Course Objectives: Upon
successful completion of the course, the student will be able to:
A. Identify
symbolic logic as an area of learning and as an activity in everyday life.
B. Describe,
identify, and define the terms and typical problems of the field.
C. Explain,
analyze, evaluate and summarize the various justifications given in the
development of the rules for both sentential logic and predicate logic.
D. Evaluate
the justification, use and application of the various forms of deductive
argumentation, and the theoretical foundations upon which they are built.
E. Translate
into symbolic notation arguments from everyday discourse.
F. Assess
the relative value of various arguments due to their logical structure or form.
G. Evaluate
whether an argument is valid or invalid, has consistent or inconsistent
premises, and consequently, has the possibility of being sound.
H. Apply
symbolic logic to all appropriate situations (e.g. newspapers, textbooks,
scientific formulations, and computer technology).
I. Listen
and apply learned skills to sources of arguments (e.g. public debates,
political rallies, interviews with authorities, and advertisements)
.J. Critically
analyze and evaluate arguments wherever they occur.
K. Debate
issues that require reasoned defense.
Student audience:
There are no prerequisites for PHILO 103.
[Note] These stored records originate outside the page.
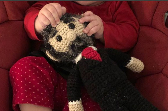 Sem mostrar o rosto da criança, nascida em janeiro, Gregório fotografou a pequena filha brincando com um bonequinho feito de crochê. O brinquedo de pano conta com uma ‘barba’ semelhante à do ex-presidente Lula, vestido com terno e uma gravata vermelha.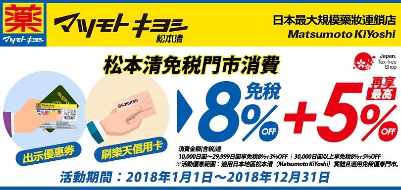 ▼另外還有超多分店的松本清也是買過超多次,現在只要出示優惠券並刷樂天卡,消費3萬日圓以上就能享8%免稅+5% off,真的是暢行無阻,走到哪買到哪啊!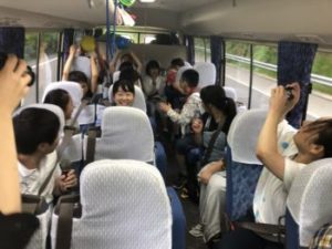 バスレクを楽しんでいます。高速道路は渋滞気味です。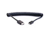 Cavo Atomos 4K60C4 Mini HDMI to HDMI a spirale maschio, che consente di trasmettere i segnali HDMI 2.0 tra dispositivi e componenti.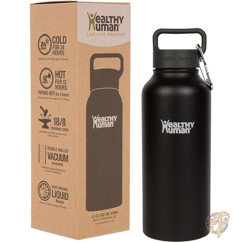 ヘルシーヒューマン ステンレススチール ウォーターボトル 二重壁真空断熱ウォーターサーモス 946ml 32oz-pure-bla...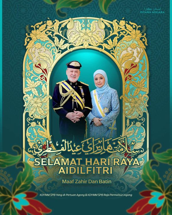 Bersempena dengan Aidilfitri yang bakal disambut esok, Seri Paduka Baginda berdua juga berharap agar ia disambut dengan penuh kesyukuran, menandakan hari kemenangan bagi umat Islam setelah mengawal hawa nafsu, mensucikan jiwa dan mengejar segala ganjaran pahala sepanjang bulan Ramadan yang penuh kemuliaan.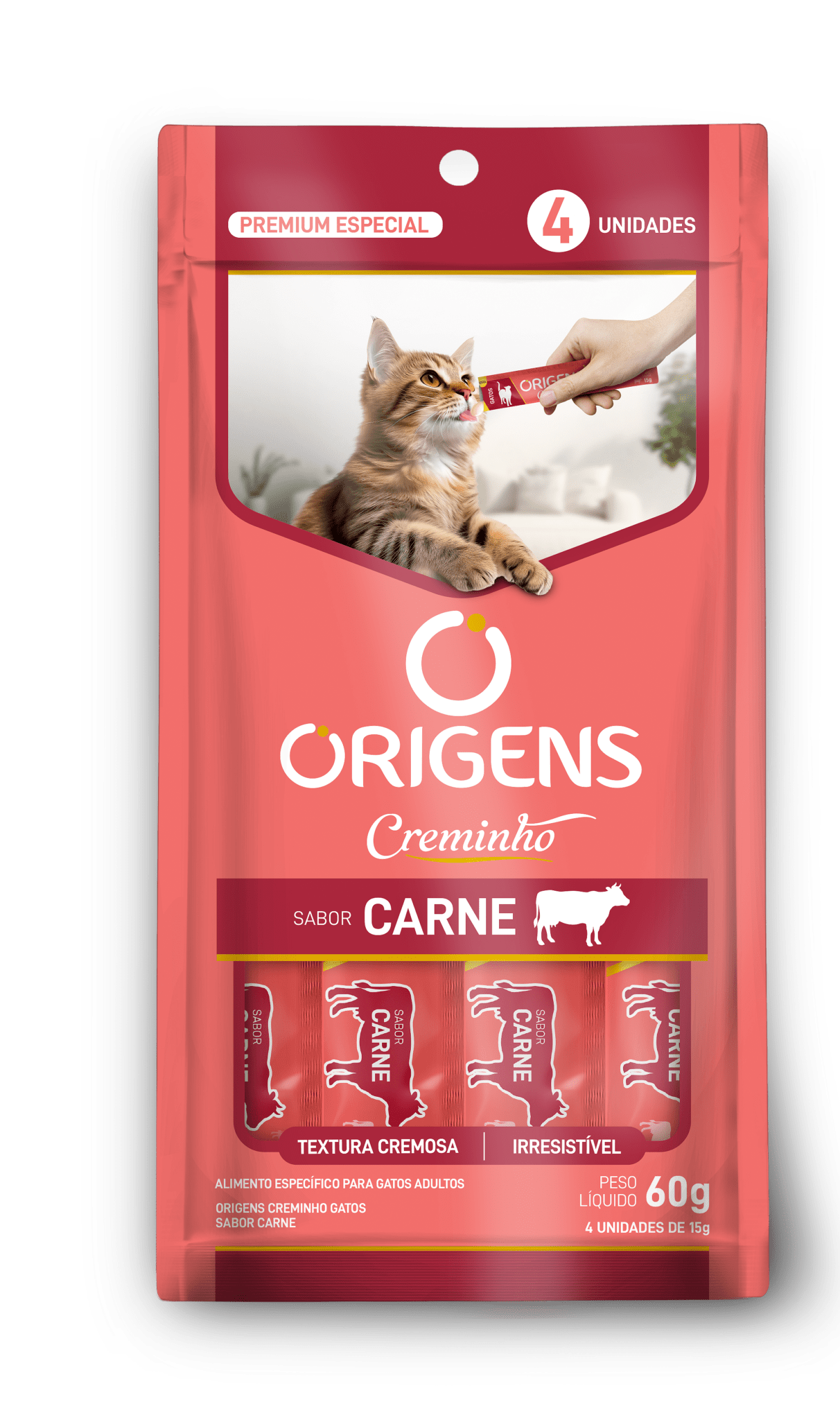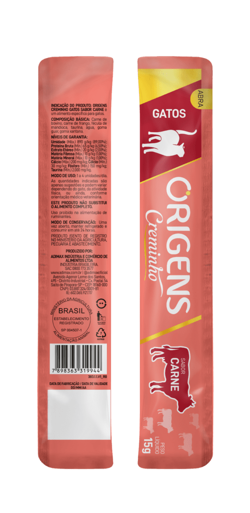 15g4x15g (pacote)Origens Creminho é uma linha de petiscos com textura cremosa que vai proporcionar momentos únicos de interação entre o tutor e seu gato! Os produtos Origens Creminho foram formulados com ingredientes selecionados e de alta qualidade, como as carnes frescas, que estimulam o apetite do gato e agradam os paladares mais exigentes. Além disso, são petiscos saudáveis, formulados sem a inclusão de grãos, ingredientes transgênicos ou corantes e conservantes artificiais. Com alto teor de umidade, Origens Creminho ainda favorece uma maior ingestão de água e tem baixa caloria. Origens creminho está disponível em três opções de sabores irresistíveis: carne, frango e salmão.

Instructional Facilities: The primary facilities are
classroom lectures and discussions, assigned homeworks and group work.
Course Schedule: See
below.
Instructional Methods and Assignments: The class will consist of some lecture, but will concentrate
primarily on problem solving, both outside of class and inside of class. Homework problems will be assigned for most
classes. Homework is subject to being
collected and graded without prior notice, primarily to ensure the student is
making the effort to keep up with the material of the course. Whether collected
or not, the normal homework exercises will be reviewed in class, difficulties
identified, discussed and resolved.
This review may be partly through group efforts and partly through
specific instructor guidance. In
addition, the student will be required to write and submit two essays over the
term assessing logically a problem provided by the instructor. Each essay will be at least 750 words (3
pages) in length, with more specific instructions given when the assignment is
made.
Grading/Evaluation System and Policies:
Class participation - 10% Grade
assignment: 90-100 A
2 essay assessments - 10% each 80-89 B
Other graded homeworks - 10% 70-79 C
4 tests, including final examination - 15% each 60-69 D 0-59 F
Textbooks and Instructional Materials:
Patrick Hurley, A Concise
Introduction to Logic (7th ed.), Wadsworth Publishing Co.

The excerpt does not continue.